Bills currently before the House and Senate would give support to the development of a National 
Information Infrastructure, in which digital libraries and storage systems would be an important 
part. A simple model is offered to show the relationship of storage systems, software, and standards 
to the overall information infrastructure. Some elements of a national strategy for digital libraries 
are proposed, based on the mission of the nonprofit National Storage System Foundation. 

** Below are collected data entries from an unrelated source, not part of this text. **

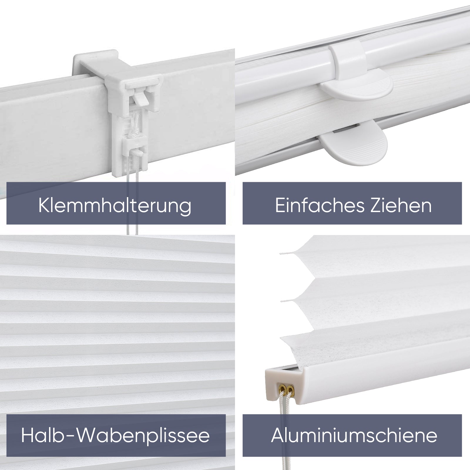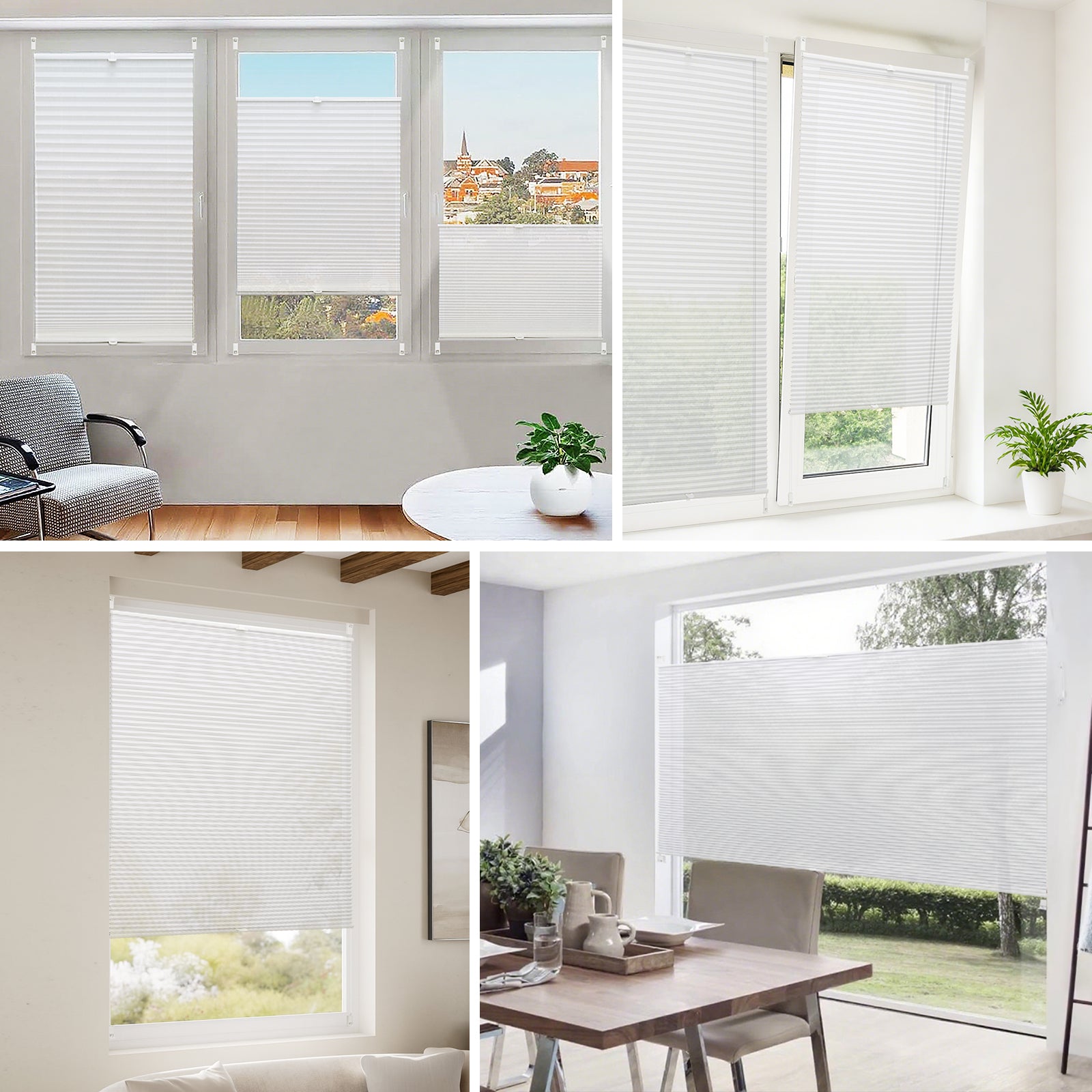 Dank der verstellbaren Klemmhalterungen lässt sich das Plissee schnell und stabil am Fensterrahmen montieren – ganz ohne Bohren oder Schrauben. Die flexible Bedienung von oben und unten ermöglicht es, Licht und Privatsphäre individuell an die jeweilige Raumsituation anzupassen.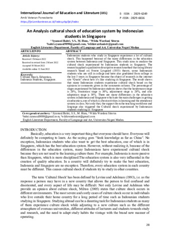Syamsul, Bahri and Wilda, Wardani Sitorus (2022) An analysis cultural shock of education system by Indonesian students in Singapore. International Journal of Education and Literature, 1 (1): 3. pp. 28-42. ISSN 2829-6656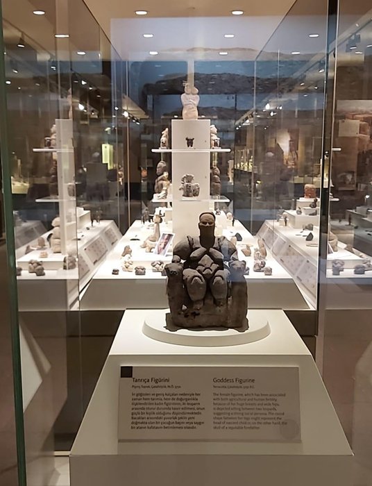 1. Kadın Heykelciği: Hemen müzenin girişinde ilk camekânın içinde yarı pişmiş bir kadın heykelciği sergilenmektedir. İri yarı bir kadın, leopar başlıklı bir koltukta oturmaktadır. Bir doğum sahnesi sunulmuş. Hocalarımız bu eserin Anadolu’nun ana tanrıçası Kibele’nin figürü olduğunu söylemişlerdi. Benim için çarpıcı bir eser olduğu için seçtiklerimin arasında ilk sıraya koydum.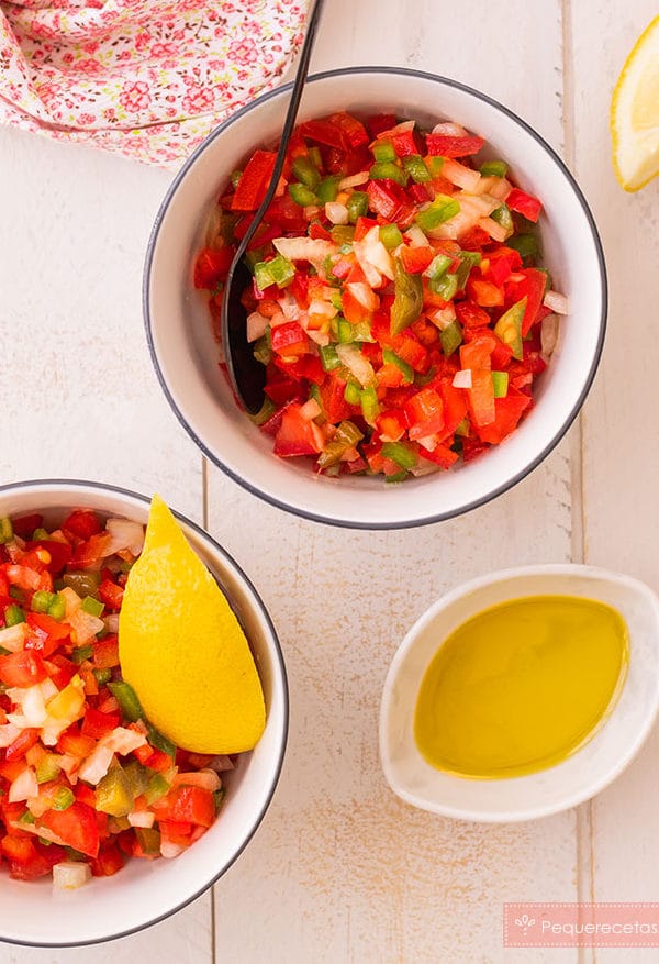 Preparación: cortamos el tomate, el pimiento y la cebolla en cubitos pequeños y picamos el manojo de cilantro. En un bol mezclamos todo, añadimos el zumo de la lima o el limón, la sal y la pimienta y un chorro de aceite y removemos.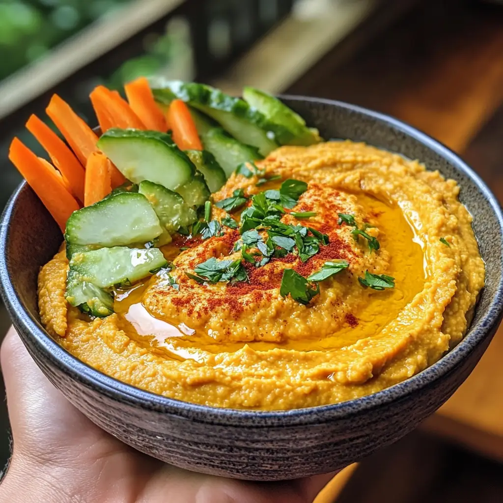 A delicious and nutritious pumpkin hummus served with fresh veggies, perfect for a healthy snack or appetizer.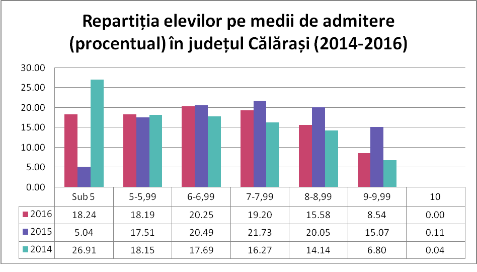 Datele publicate online pentru județul Călărași, permit comparații între mediile de admitere ale elevilor în anii 2014, 2015, 2016 (metoda de calcul fiind identică), dar și analize ale rezultatelor la Evaluarea Națională din 2016.

1. National Information Infrastructure Background 

Two bills before the current session of Congress call for the creation of a National Information 
Infrastructure. The bill before the House of Representatives is called the "National Information 
Infrastructure Act of 1993" [1], and a somewhat similar bill before the Senate is called the 
"National Competitiveness Act of 1993" [2], Whether or not either of these bills are passed, the fact 
that these bills have reached the level of serious committee discussion has a far reaching impact on 
the storage industry. The Senate bill states that "While the private sector must take the lead in the 
development, application, and manufacture of new technologies, the Federal Government should 
assist industry in the development of high-risk, long-term precommercial technologies which 
promise large economic benefits for the nation, ... and cooperate with industry and academia to help 
create an advanced information infrastructure for the United States. The term "information 
infrastructure" is defined in the Senate bill as "a network of communications systems and computer 
systems designed to exchange information among all citizens and residents of the United States." 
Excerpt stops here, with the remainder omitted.